I know you’re not supposed to ‘dog-ear’ the pages of a book, but even though I have the utmost respect for the written word, I folded back page after page of Nuala O’Faolain’s 2001 novel “My Dream of You” during my recent reading of it. With no Post-It’s around, I simply couldn’t help myself. There were just too many insights she offered and seemingly unanswerable questions she raised that demanded a second look. This engaging book is Irish journalist O’Faolain’s first novel and successor to her well-received memoir, “Are You Somebody? The Accidental Memoir of a Dublin Woman”. A reader of both would note similarities in the lives of O’Faolain and her fictitious counterpart, Kathleen de Burca, a single middle-aged writer from a large Irish family.

 

Kathleen, almost fifty and never married, has been living in a dark basement apartment in London and writing for TravelWrite magazine for twenty years as her story begins. The shining light in her life is her gay, American colleague and best friend, Jimmy, and, might I say, we could all use a friend who dispenses advice like this: “A goddess like you, Kathleen,” he tells her, “should descend on London, not climb up into it.”  So, when Jimmy dies suddenly, Kathleen is broken-hearted and painfully aware of her emptiness.

 

She hastily leaves her job and returns to Ireland for an extended period to research and write a book based on some legal documents she was given decades before by a former lover.  These papers, which have held a fascination for her ever since, contain a legal transcript of proceedings in a divorce case from 1856 Ireland during the height of the devastating potato famine. She anticipates filling in the details of what seems in the writings to be the story of an English-Irish “Lady of the Big House” having a torrid affair with a young groomsman behind the back of her cold and perhaps cruel husband, Lord Talbot. Yes, Kathleen is a died-in-the-wool romantic who believes that passion trumps it all.

 

Yet, the scant bits of source material that Kathleen is able to discover throws doubt on every last aspect of the Talbot case so what she had thought would be a tidy project becomes increasingly murky.
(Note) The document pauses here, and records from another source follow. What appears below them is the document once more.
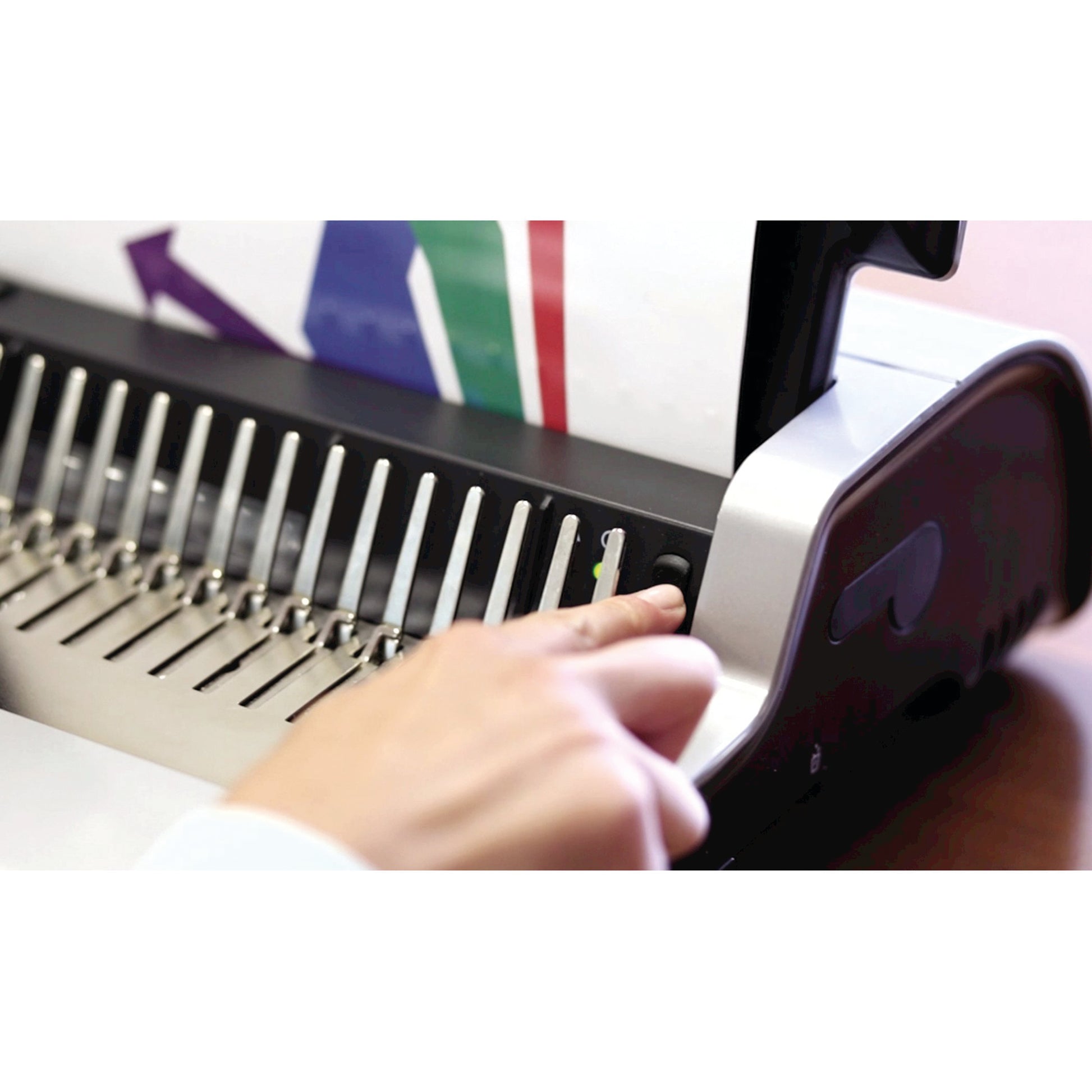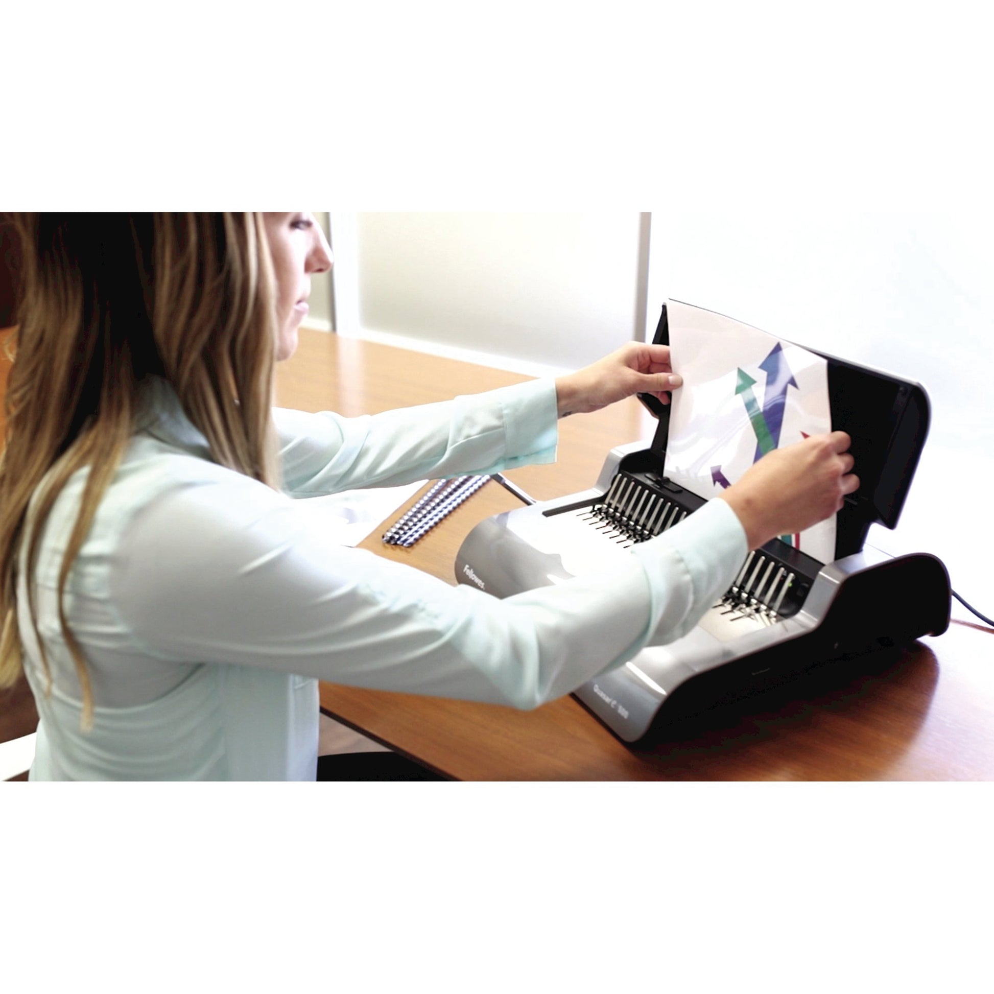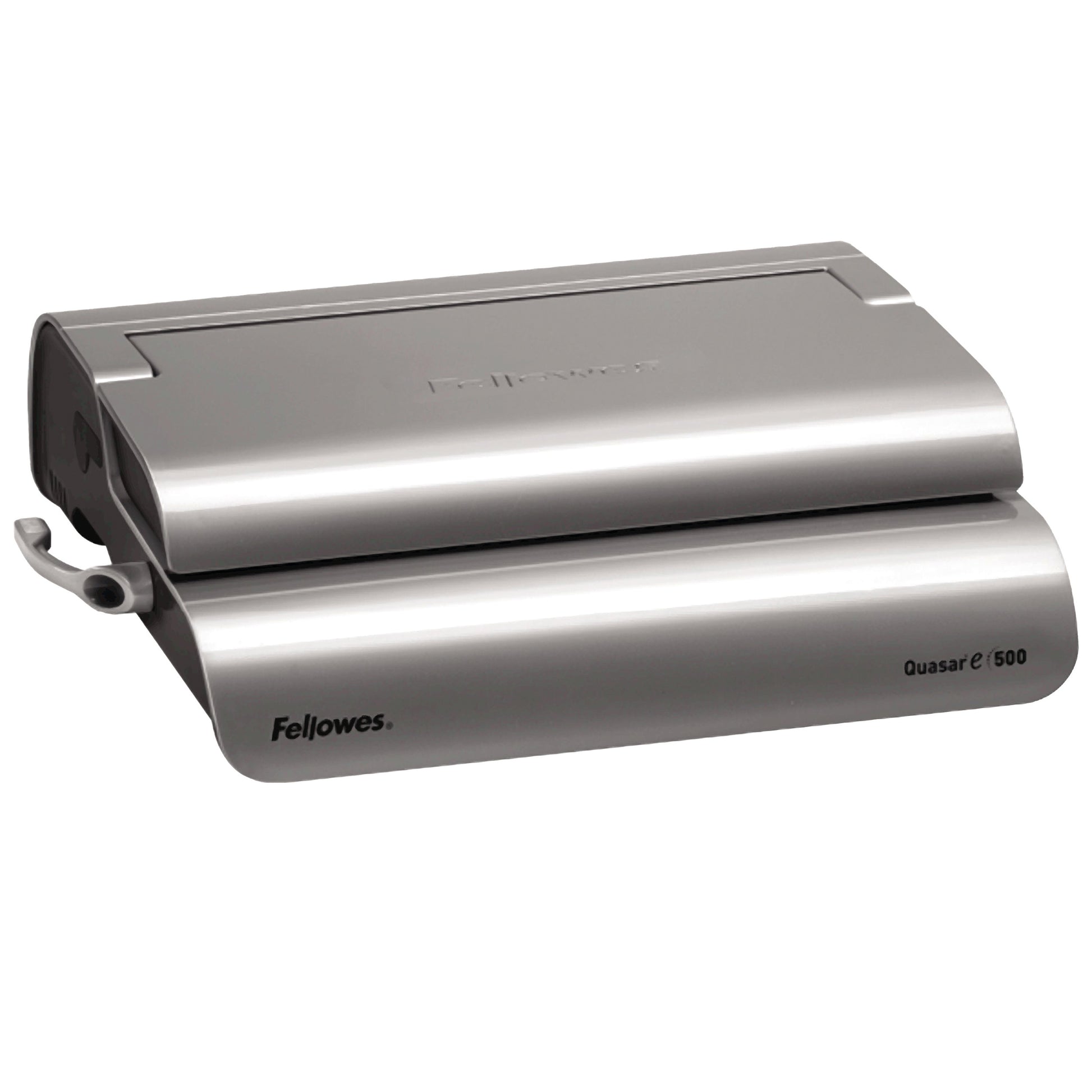 Fellowes Quasar 500 Electric comb binder punches up to 20 sheets and binds up to 500 sheets. Features document thickness and comb sizing guide built in comb storage tray and vertical sheet loading for accuracy.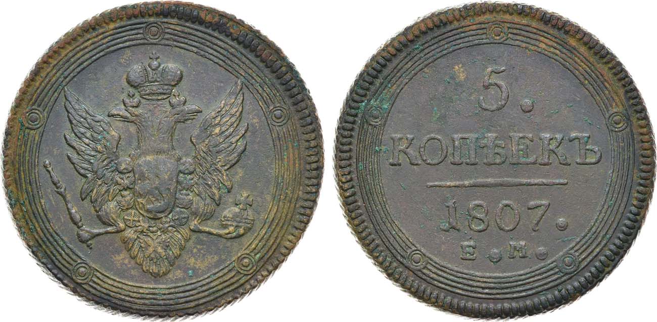 5 копеек 1807 года с орлом образца 1810 года - дна из наиболее редких монет серии 1802-1810 гг.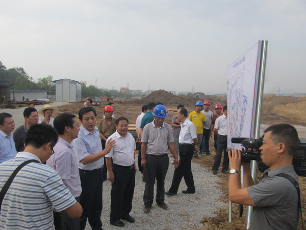 萍鄉(xiāng)市市長李小豹一行在施工現(xiàn)場聽取情況匯報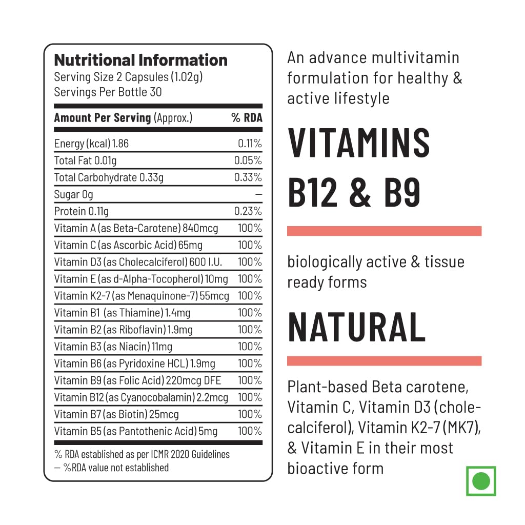 Bio-Available: Natural forms of vitamins are more bio-available and smaller dose gets completely absorbed and utilized leading to positive long-term health benefits.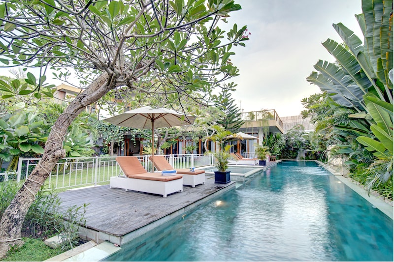 ¡Bahagia Villa desea dar la bienvenida a los huéspedes pasados y futuros de vuelta a Bali después de 2 largos años! Con nuestra apertura completa sin cuarentena cada vez más cerca, hemos estado ocupados volviendo a contratar personal y limpiando y renovando a fondo. Te aseguramos el mejor servicio y la mayor comodidad como antes. Bahagia Villa's es un pequeño complejo de villas de lujo totalmente privadas entre sí y cada una con su propia piscina. Cocina grande y dormitorios con baño privado, construidos alrededor de una piscina privada. TV por cable e internet gratis.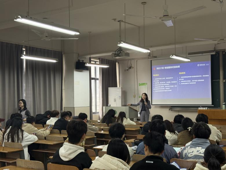 宣讲环节中,陈主任以“金融科技赋能下的运营新生态”为主题,通过品牌VCR和数据图表,系统介绍了招商银行信用卡中心的发展历程、业务版图及核心竞争力。她重点解读了信用卡运营体系的核心价值,从客户生命周期管理、风险控制优化到数字化运营创新,全方位展现了运营岗位在业务发展中的关键作用。针对同学们关注的岗位需求,她详细说明本次招聘涵盖的客户关系运营、数据分析运营、权益体系运营等三大类岗位的职责要求,强调"兼具数据敏感度与服务意识"的复合型人才培养方向。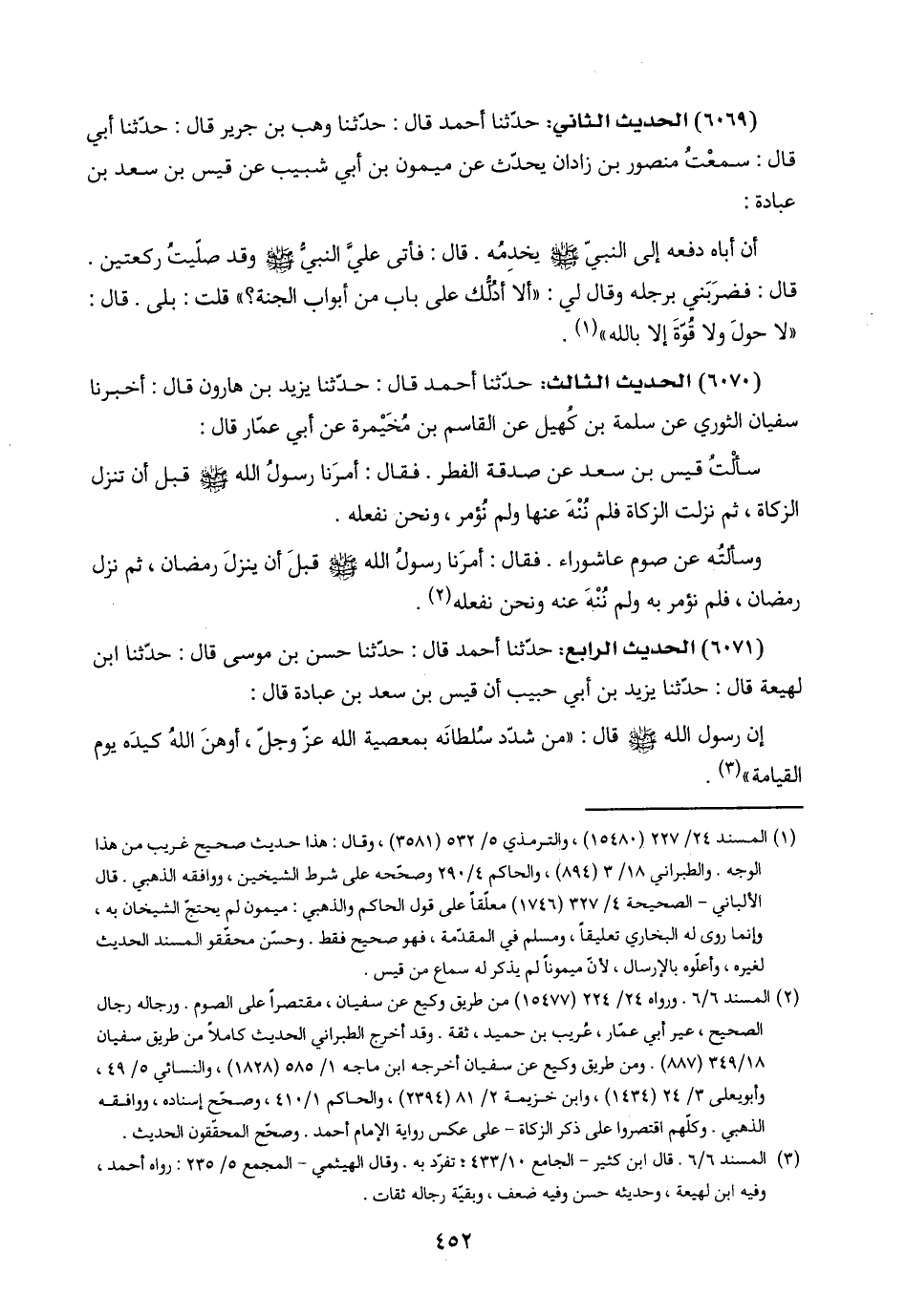 (٦٠٧١) الحديث الرابع: حدّثنا أحمد قال: حدّثنا حسن بن موسى قال: حدّثنا ابن لهيعة قال: حدّثنا يزيد بن أبي حبيب أن قيس بن سعد بن عبادة قال: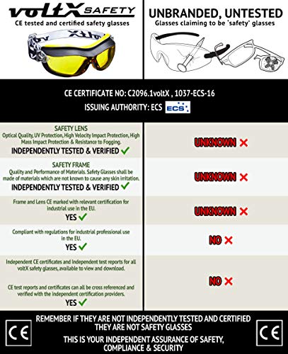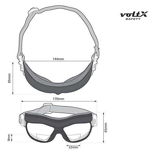 VoltX DEFENDER Compact BIFOCAL ventilata Occhiali di sicurezza (Giallo +3.0 lente), CE EN166FT certificato, Rivestimento anti-condensa. - Compact Bifocal Safety Goggles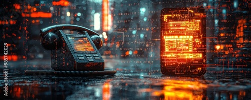 Digital telephony in telecommunication, visualizing the transition from analog to digital, with data encoding and processing.
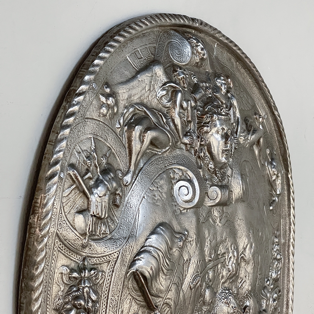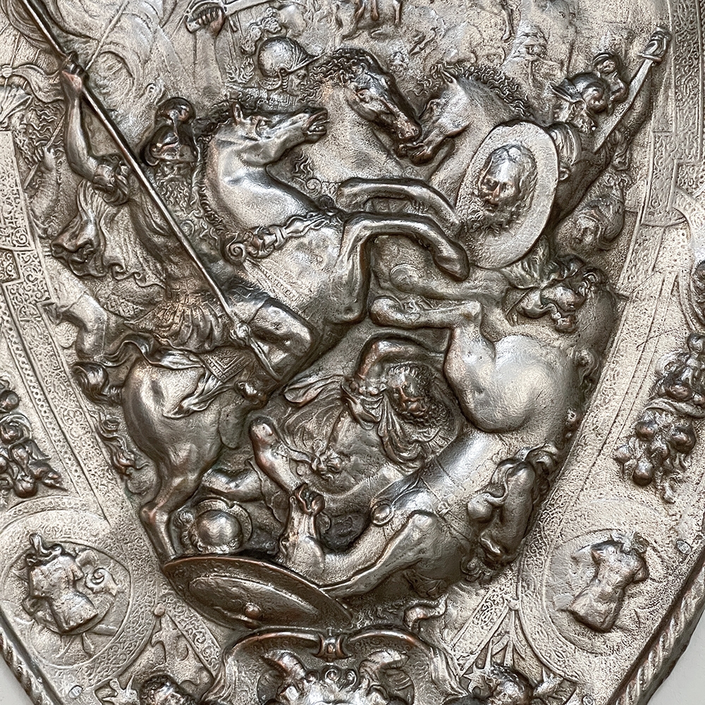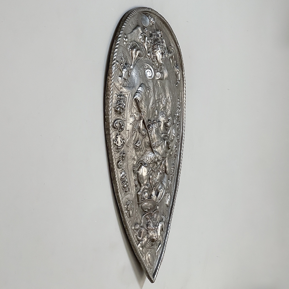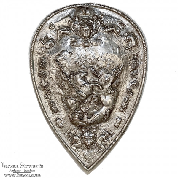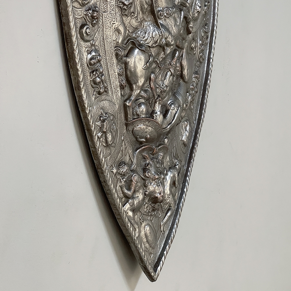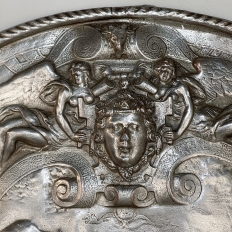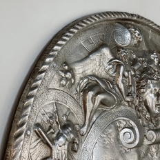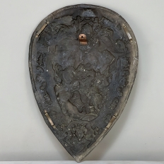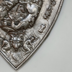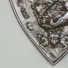 Antique Decorative Nickel-Plated Brass Wall Shield was designed to adorn a masculine decor, featuring a classic shield shape that dates back to ancient Greece, and fully embossed with various symbols of bellicose activity and accouterments, including a ferocious battle scene as the main element. The symbolism both glorifies the warrior and simultaneously portrays the horror of war. Such is the history of the human race. Created from solid embossed brass, it has been given a nickel finish on the front and a coating on the back to resist tarnish.

By this point the reader has come to understand that Kathleen’s own history of longing, and loving and loneliness, which O’Faolain has revealed in flashbacks throughout the story of her months in Ireland, is the captivating focus of this novel. O’Faolain achieves this with writing that is at the same time honest, sexy and wise. In the twenty-first century as well, it seems that in the matter of love, there are no clear paths and no promises of an end to loneliness. Kathleen’s final choice as her story ends shows love as the double-edge sword it can be.

 

O’Faolain said in a radio interview that she devoured novels from an early age because they seemed to address the questions she was so interested in: How are lives lived? Where do we find love? I count myself as one of the readers who devoured this wise novel looking for answers to some of those same questions, and finding, if not the answers, some stimulating and though-provoking reflections.